Log 16: Endless Depths ~ Dean’s Blue Hole

Suspended in the clear cool water, I watch sand slowly drip from an underwater ledge into the abyss below me. I lock eyes on a black particle in the sand. It funnels down like a leaf floating on a flowing river toward the edge, and then pours into deep shades of blue circles around a shadowed black center. Imaginably, never to be seen or noticed again. I feel light and heavy all at the same time. I float inside the second deepest blue hole in the world, like a bird flying between skyscrapers or deep canyons. However, gravity in my gut looms while I silently witness the sand particles slowly fall from their slippery seats. In the way smoke dances upward, it smoothly cascades down into a dark hole that few have ever seen the bottom of. Like an hourglass, the sand keeps falling, and the timer keeps running.

A couple days ago, we sailed into Clarence Town, Long Island, Bahamas. We had a stormy ride here (Log 15) but settled in on arrival just fine. We spent a day or two exploring the town by foot, finding coconuts, and meeting the welcoming committee of reef sharks at the dinghy dock. Our friends from S/V Amy Renae (YouTube & Instagram : @motherloadsailing) invited us to join them for an adventure the following day, and we were thrilled to tag along.

The sun dropped that evening like a ball of fire. And in the morning, we tossed Brendan’s surfboard, our snorkel gear, and sandwiches into our dinghy, Scout. We met them at a nearby wave break, anchoring just outside it. Brendan hopped in the chilly water with his board and paddled out to catch some waves. After a fun session and lunch, we take advantage of the rising tide to slip over the reef and dinghy to the famed Dean’s Blue Hole.

A blue hole is exactly what it sounds like; a large circular oceanic sinkhole that’s open to the surface. Dean’s Blue Hole is 202 meters (663 feet) deep, second only to the “Dragon Hole” in the South China Sea. Scientists are still trying to solve the many mysteries surrounding Dean’s Blue Hole. Blue holes are research hotbeds with a vast amount of knowledge that can be gained from these sites. Rare and unusual life, remnants of ancient civilizations, and vast amounts of information about the Earth’s past lie within these primeval treasure chests.

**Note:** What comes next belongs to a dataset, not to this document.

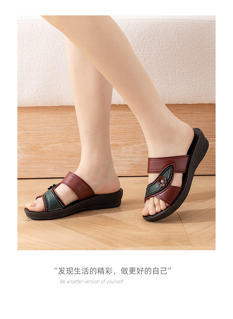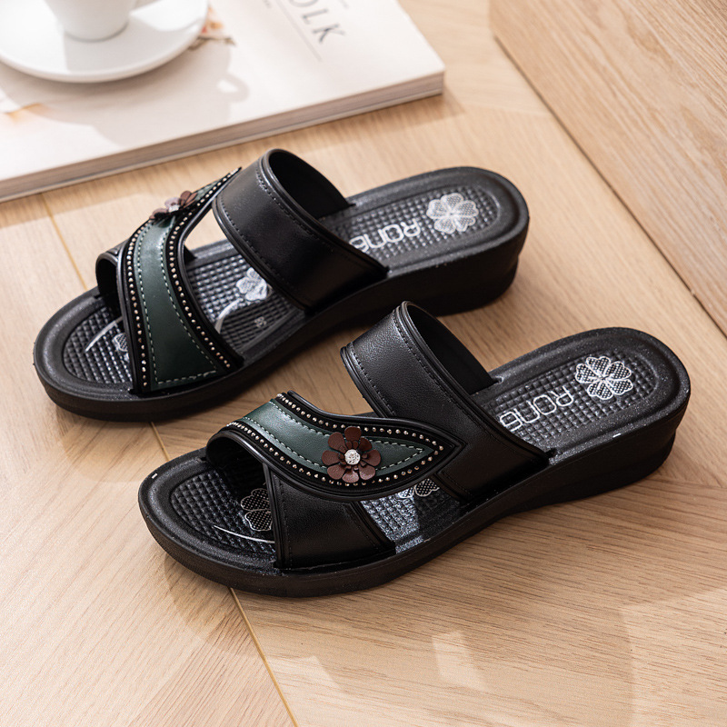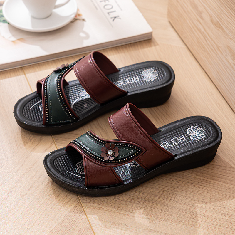 새로운 스타일의 마더 샌들 및 슬리퍼 여성용 두꺼운 바닥 부드러운 밑바닥 미끄럼 방지 하이 힐 미드 힐 캐주얼 중년 및 노인 슬리퍼

Unfortunately, Dean’s Blue Hole has also been called, Divers’ Tomb. As a renowned location for world record breaking freediving competitions, and beautiful tourist destination with little room for mistakes, it’s estimated about 200 people have died here in recent years.

We round the rocky cliff to find what looks like a large swimming pool right on the beach. Cradled by tall rocky cliffs, the brilliant color blue pops against the light beige sand. The closer we get, the center stays shadowed and darkened, resembling more of a meteor strike. We beach the boats, strap on mask and fins, and slip into the water.

When I was a kid, I remember seeing a cleaver donation box at the zoo that collected quarters by showing the spinning effects of gravity and velocity. Drop a coin in and watch it swirl around a funnel-like collection plate into what you hope is a good cause. When I dropped my face into the water at Dean’s Blue Hole, it reminded me of just that. The wide yet shallow sandy entrance pulls your curiosity towards the center of the depths hidden in darkness.

Snorkeling towards the middle, I see the platform that is used in freediving events, floating above the hole’s visual center. Thick metal cables clinging to the platform drop down into the darkness. I gulp in a breath and dive just below the surface. I spin around to see the vertical walls and ledges. My long brown ponytail follows my gaze, twirling around my head in slow motion, as lively as a puppy’s tail. I spot my sand hourglass. It enchants me like a mysterious waterfall, and I swim towards it for a closer look.

We spent several hours soaking up the beauty of this legendary place. Brendan and I take turns spotting each other’s dives. We peer under large ledges that widen the hole’s walls into chambers. We switch up free fin diving down with walking the cables with our hands, poking at our comfort levels with a safety pin. The boys jump off cliffs into the deep water, and we swim laps around the edge to admire the various reef fish, corals, and a different view of the mysterious blue hole itself.

Dean’s Blue Hole is a treasure. Host to dreamy vacations yet bearing a haunting history of tragic accidents. A place where records are set, dreams bloom, lives lost, stories from our planet’s past are written, and hope has sparked ablaze. As we exit the water, a beautiful memorial sits on the hole’s western shore. I think about the people whose name’s etched in granite, and their families. I think about my own family and how I miss them so much. I wonder the possibilities as Brendan starts Scout’s engine, and we all safely zip back home. Grateful for everything.

Back on Belafonte, we cook up dinner and recount the day’s adventures. We tidy up and set our sleep meters for the morning. Tomorrow is going to be a fun one! We have a reservation for a rental car, and it’s been quite awhile since we’ve steered four wheels. The game plan is set, and we head to bed reminiscing in shades of blue and dreaming of endless depths.